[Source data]
☆ ☆ ☆ ☆ ☆ ☆ ☆

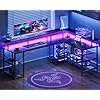 • 【Gaming Desk with LED Lights】:This l shaped desk with shelves features built-in LED lighting in 10 colors, 10 lightning modes to create an immersive gaming atmosphere. It has memory function to keep the LED lights staying on last mode when turned on.
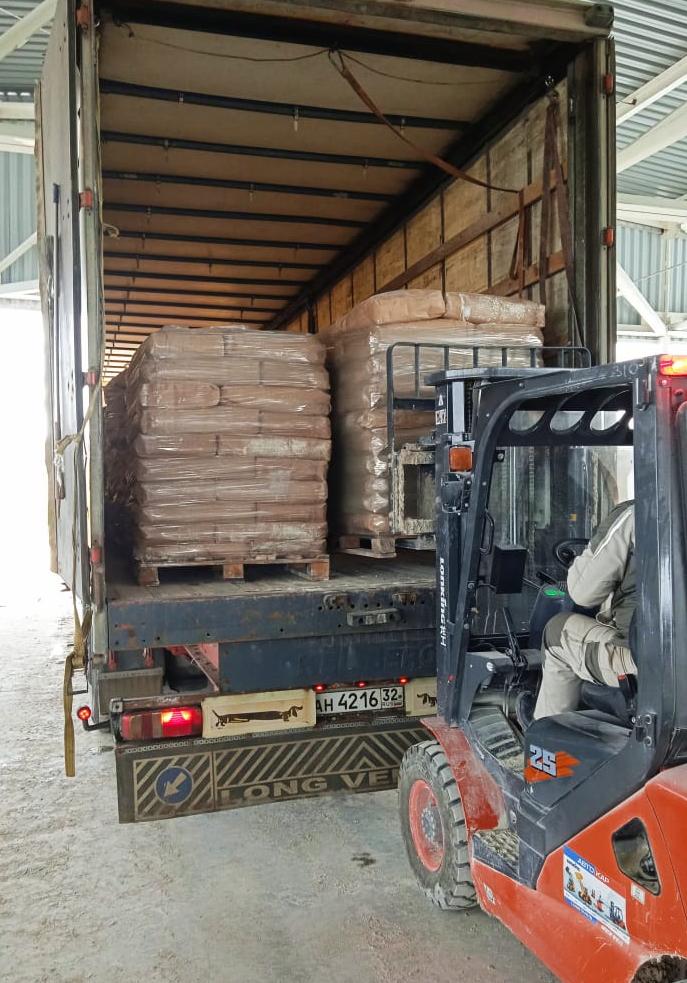 Мел, упакованный в мешки, паллетируется стрейч-пленкой на поддонах 1,0х1,2 м по 36 мешков.
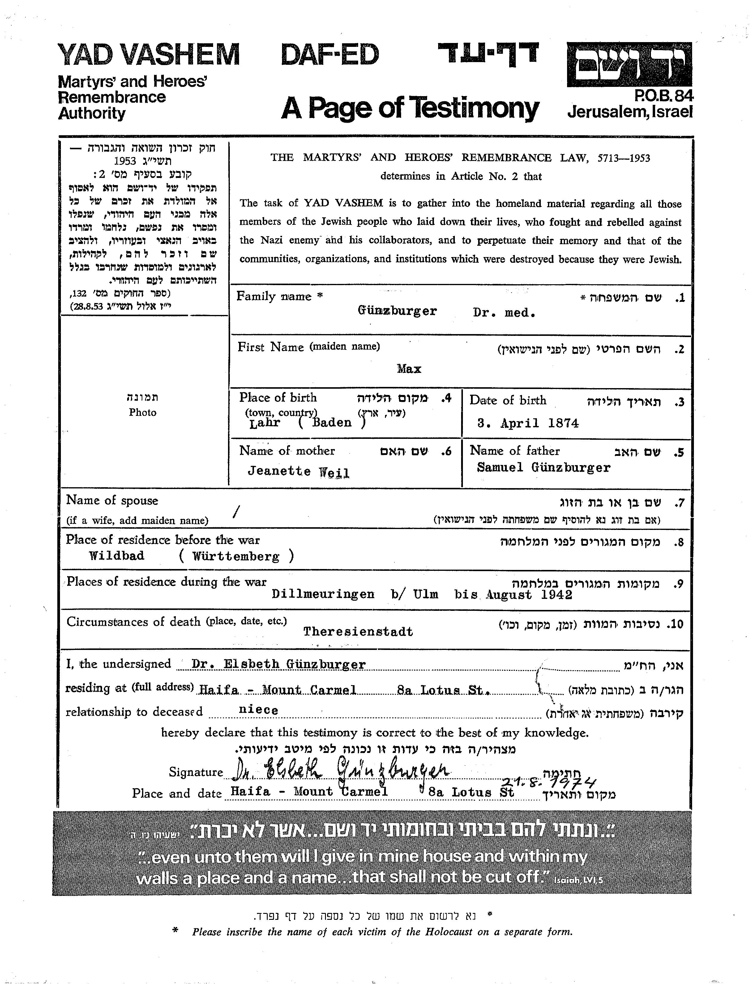 דר. לרפואה Günzburger נרצח בשואה. מקום המוות: Theresienstadt שבצ'כוסלובקיה.
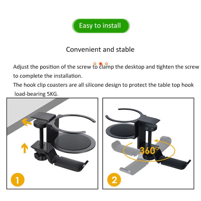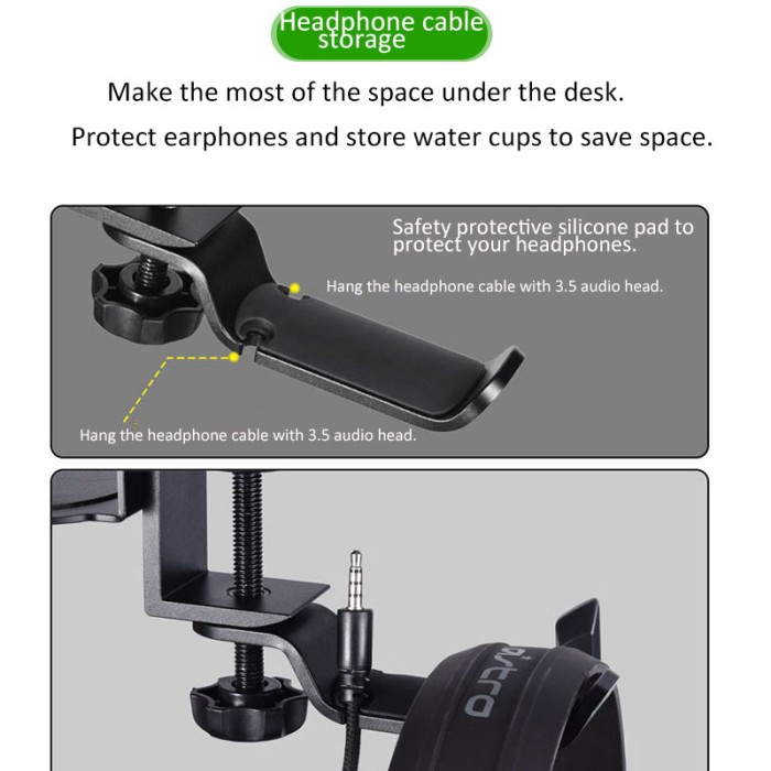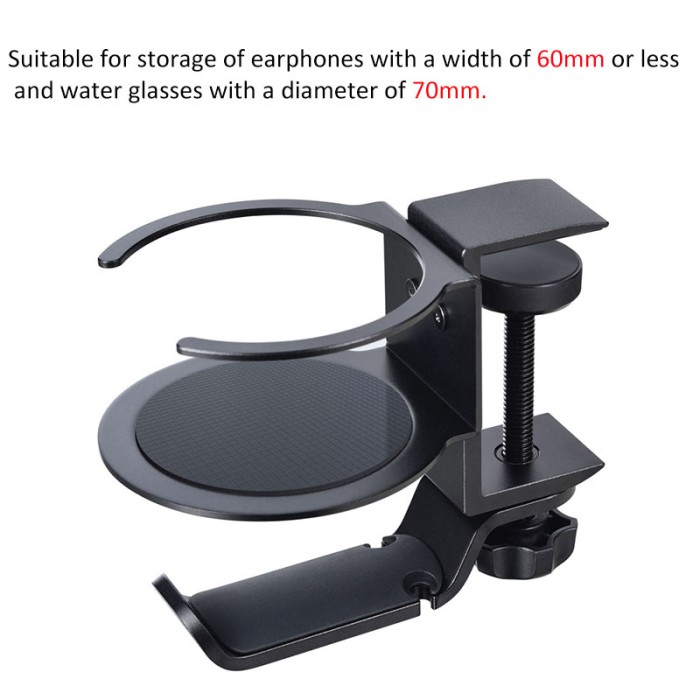 UNDER DESK HEADPHONE HANGER GLASS CUP GANTUNGAN HEADSET HOLDER PREMIUM - HITAM
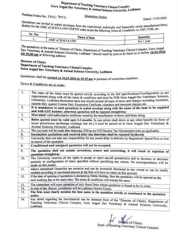 Quotation Notice for the AMC of 20 KVA UPS, Director of Clinics, Department of Teaching Veterinary Clinical Complex, Guru Angad Dev Veterinary & Animal Sciences University, Ludhiana
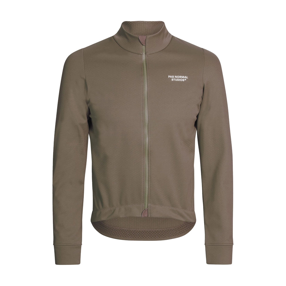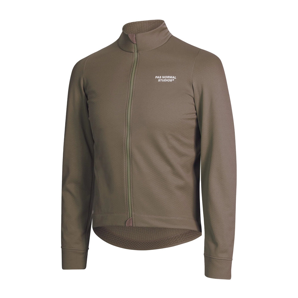 Introducing the PAS NORMAL STUDIOS Essential Thermal LS Jersey AW23 - Ash Brown, a versatile piece that combines the features of a jacket and a traditional fleece backed jersey. Crafted with top-quality materials, this jersey offers wind and water protection on the chest and arms, while providing breathability on the back and sleeves. The grid fleece backing provides insulation and a cozy microclimate close to the skin, enhanced with a C0 DWR treatment for flexibility in any riding conditions. The relaxed Essential fit ensures comfort and style, with inner silicone elastic hem for a secure fit. Made in Portugal, this jersey features:
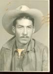 | Fotografía de estudio de Amado Flores Rocha. Porta chamarra de cuero y sombrero. |
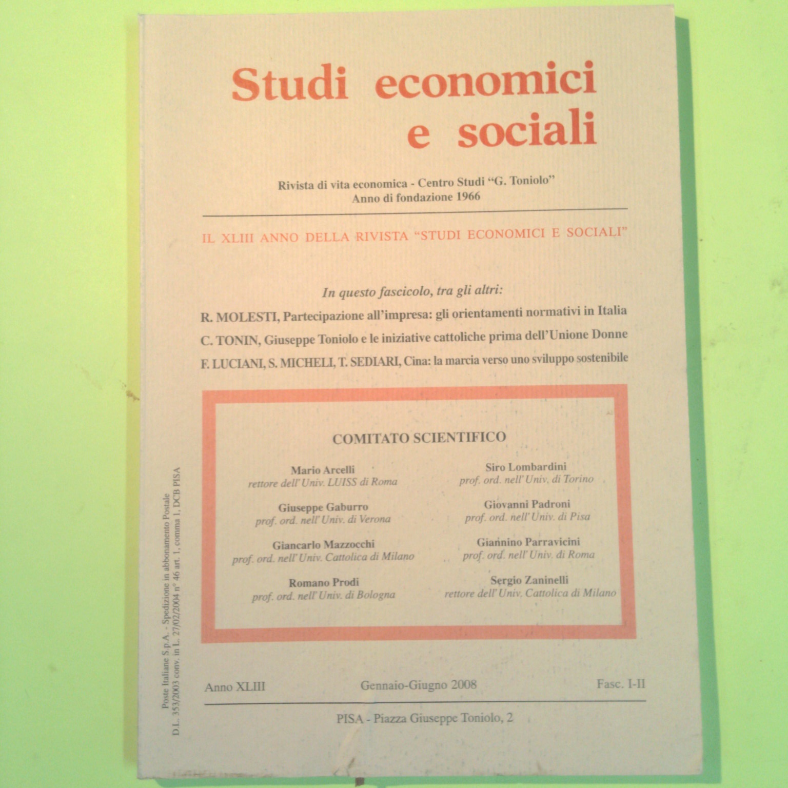STUDI ECONOMICI E SOCIALI GENNAIO GIUGNO 2008 FASC. I-II
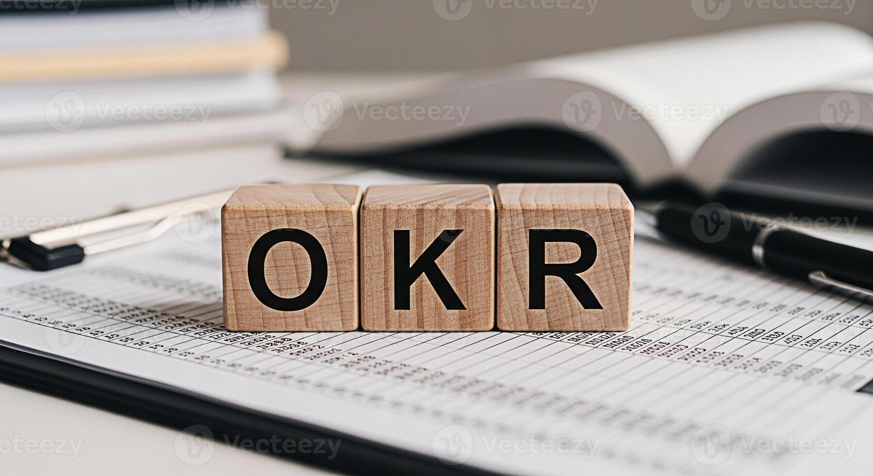 Wooden blocks displaying OKR on a financial report in a bright office representing objectives and key results for business strategy and goal setting creating a focused and organized work environment Pro Photo
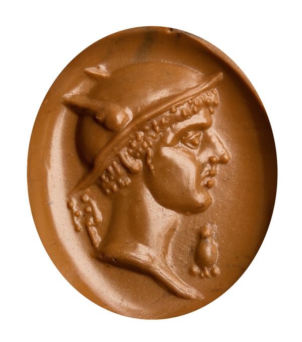 The deity wears the winged petasus, facing left, with his attributes. Behind the neck, the caduceus. In front, the coin purse. Particularly refined execution, with very small globular elements that date this work to the late republican age. Vivid red color and mirror polish. Splendid portrait of Mercury. Slight wear marks
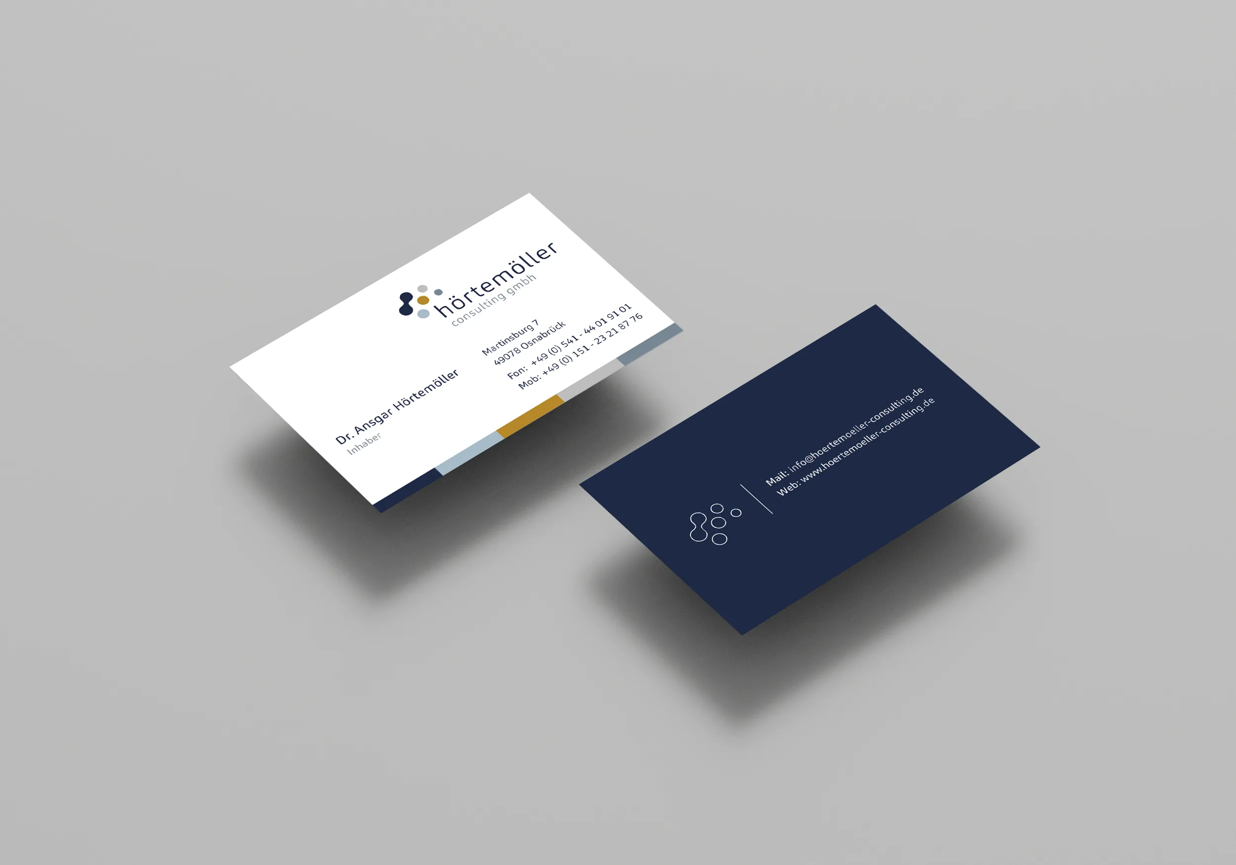 Die hörtemöller consulting gmbh beauftragte uns mit der Entwicklung eines neuen Corporate Designs mit Logo, Geschäftsausstattung und vielem mehr.
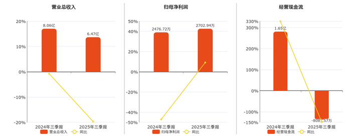公司营业总收入为6.47亿元。归母净利润为2702.94万元,较去年同报告期归母净利润增加202.75万元,同比较去年同期上涨8.11%。经营活动现金净流入为-8081.57万元。
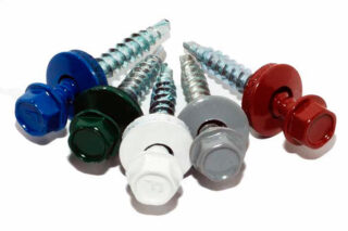 Vis avec rondelle presse utilisé pour fixer les revêtements de sol aux clôtures et aux façades des maisons. Ils sont principalement recouverts de composés anti-corrosion, moins souvent de composés décoratifs. La forme de la tête peut être hexagonale, semi-circulaire ou fraisée. Lors de la fixation, des joints en caoutchouc sont également utilisés.
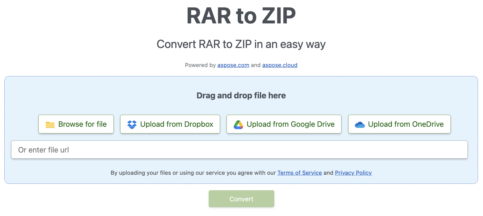- Her şeyden önce, bir internet tarayıcısı kullanarak çevrimiçi RAR’dan ZIP’e dönüştürücüyü yükleyin.
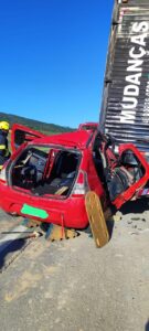 Um acidente de trânsito deixou feridos na tarde desta sexta-feira (05), na BR-470, no bairro Baú Baixo, em Gaspar. Um automóvel colidiu na traseira de
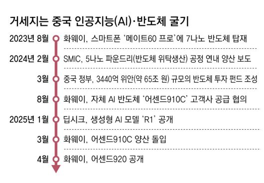 도널드 트럼프 2기 미국 행정부가 중국의 반도체 공급망을 틀어막으며 대중 압박 수위를 높이고 있다. 그럴수록 중국 정부와 기업들은 반도체 자립을 가속화하며 미중 간 기술 패권 경쟁을 장기전으로 몰고 가고 있다. 특히 미국이 엔비디아의 인공지능(AI) 가속기 ‘H20’의 중국 수출 제한을 발표하자 곧바로 화웨이가 자체 AI 반도체 신제품을 선보인 것은 중국의 준비된 대응 카드라는 분석이 나온다.
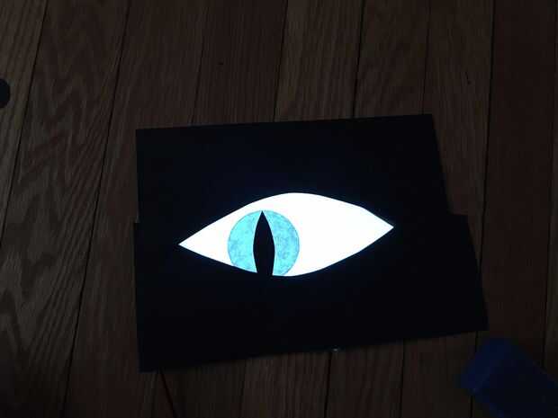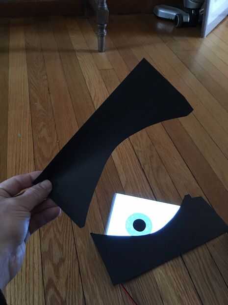 Una vez que te gusta la forma de los ojos, con cinta las piezas en su lugar en relación con ellos para conservar la forma. Use los recortes de papel como plantilla para hacer tus ojos de materiales duraderos.
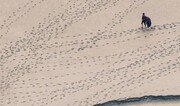프랑스 북서쪽 노르망디 해변의 작은 섬인 몽생미셸의 수도원을 찾은 연인이 바닷물이 빠져 드러난 성곽 밖 갯벌을 거닐고 있다. 앞서 다른 여행객들이 거닐던 발자국이 바닥에 선명하게 찍혀 있다. 양회성 기자 yohan@donga.com}
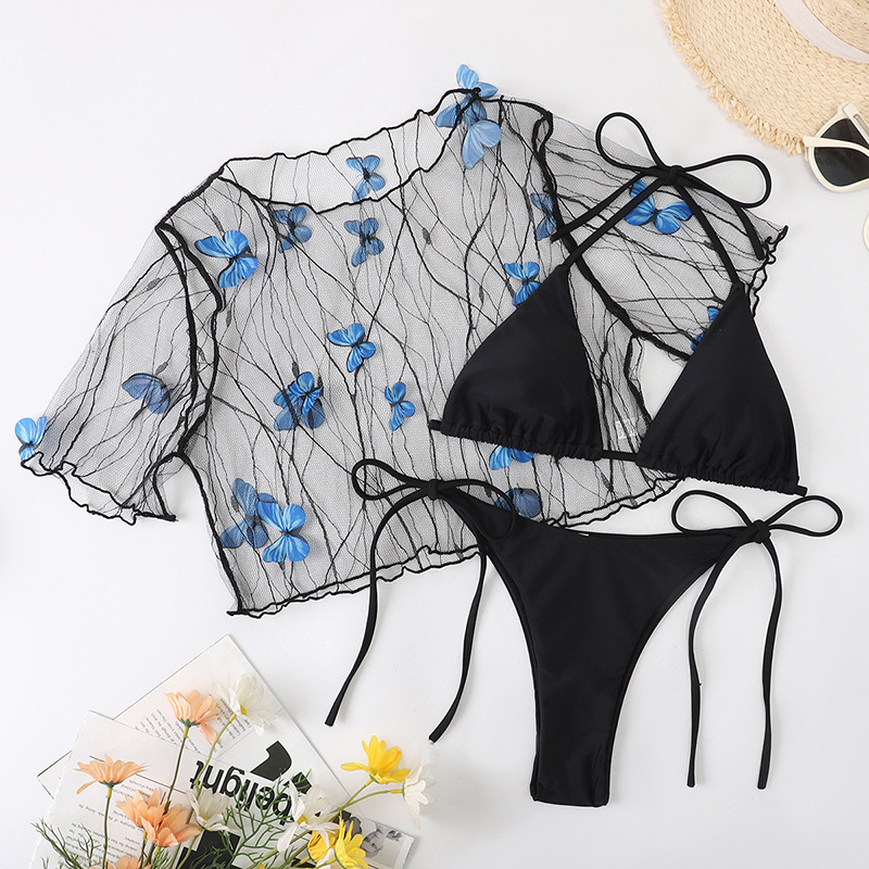 새로운 분할 3 피스 나비 메쉬 비키니스토어 가기

☆ ☆ ☆ ☆ ☆ ☆ ☆

(DIRECTIONS FOR THIS TASK) Set down the entries above again exactly, minus any image.

(WRITTEN RESPONSE)
 • 【Gaming Desk with LED Lights】:This l shaped desk with shelves features built-in LED lighting in 10 colors, 10 lightning modes to create an immersive gaming atmosphere. It has memory function to keep the LED lights staying on last mode when turned on.
 Мел, упакованный в мешки, паллетируется стрейч-пленкой на поддонах 1,0х1,2 м по 36 мешков.
 דר. לרפואה Günzburger נרצח בשואה. מקום המוות: Theresienstadt שבצ'כוסלובקיה.
 UNDER DESK HEADPHONE HANGER GLASS CUP GANTUNGAN HEADSET HOLDER PREMIUM - HITAM
 Quotation Notice for the AMC of 20 KVA UPS, Director of Clinics, Department of Teaching Veterinary Clinical Complex, Guru Angad Dev Veterinary & Animal Sciences University, Ludhiana
 Introducing the PAS NORMAL STUDIOS Essential Thermal LS Jersey AW23 - Ash Brown, a versatile piece that combines the features of a jacket and a traditional fleece backed jersey. Crafted with top-quality materials, this jersey offers wind and water protection on the chest and arms, while providing breathability on the back and sleeves. The grid fleece backing provides insulation and a cozy microclimate close to the skin, enhanced with a C0 DWR treatment for flexibility in any riding conditions. The relaxed Essential fit ensures comfort and style, with inner silicone elastic hem for a secure fit. Made in Portugal, this jersey features:
 | Fotografía de estudio de Amado Flores Rocha. Porta chamarra de cuero y sombrero. |
STUDI ECONOMICI E SOCIALI GENNAIO GIUGNO 2008 FASC. I-II
 Wooden blocks displaying OKR on a financial report in a bright office representing objectives and key results for business strategy and goal setting creating a focused and organized work environment Pro Photo
 The deity wears the winged petasus, facing left, with his attributes. Behind the neck, the caduceus. In front, the coin purse. Particularly refined execution, with very small globular elements that date this work to the late republican age. Vivid red color and mirror polish. Splendid portrait of Mercury. Slight wear marks
 Die hörtemöller consulting gmbh beauftragte uns mit der Entwicklung eines neuen Corporate Designs mit Logo, Geschäftsausstattung und vielem mehr.
公司营业总收入为6.47亿元。归母净利润为2702.94万元,较去年同报告期归母净利润增加202.75万元,同比较去年同期上涨8.11%。经营活动现金净流入为-8081.57万元。
 Vis avec rondelle presse utilisé pour fixer les revêtements de sol aux clôtures et aux façades des maisons. Ils sont principalement recouverts de composés anti-corrosion, moins souvent de composés décoratifs. La forme de la tête peut être hexagonale, semi-circulaire ou fraisée. Lors de la fixation, des joints en caoutchouc sont également utilisés.
- Her şeyden önce, bir internet tarayıcısı kullanarak çevrimiçi RAR’dan ZIP’e dönüştürücüyü yükleyin.
 Um acidente de trânsito deixou feridos na tarde desta sexta-feira (05), na BR-470, no bairro Baú Baixo, em Gaspar. Um automóvel colidiu na traseira de
 도널드 트럼프 2기 미국 행정부가 중국의 반도체 공급망을 틀어막으며 대중 압박 수위를 높이고 있다. 그럴수록 중국 정부와 기업들은 반도체 자립을 가속화하며 미중 간 기술 패권 경쟁을 장기전으로 몰고 가고 있다. 특히 미국이 엔비디아의 인공지능(AI) 가속기 ‘H20’의 중국 수출 제한을 발표하자 곧바로 화웨이가 자체 AI 반도체 신제품을 선보인 것은 중국의 준비된 대응 카드라는 분석이 나온다.
 Una vez que te gusta la forma de los ojos, con cinta las piezas en su lugar en relación con ellos para conservar la forma. Use los recortes de papel como plantilla para hacer tus ojos de materiales duraderos.
프랑스 북서쪽 노르망디 해변의 작은 섬인 몽생미셸의 수도원을 찾은 연인이 바닷물이 빠져 드러난 성곽 밖 갯벌을 거닐고 있다. 앞서 다른 여행객들이 거닐던 발자국이 바닥에 선명하게 찍혀 있다. 양회성 기자 yohan@donga.com}
 새로운 분할 3 피스 나비 메쉬 비키니스토어 가기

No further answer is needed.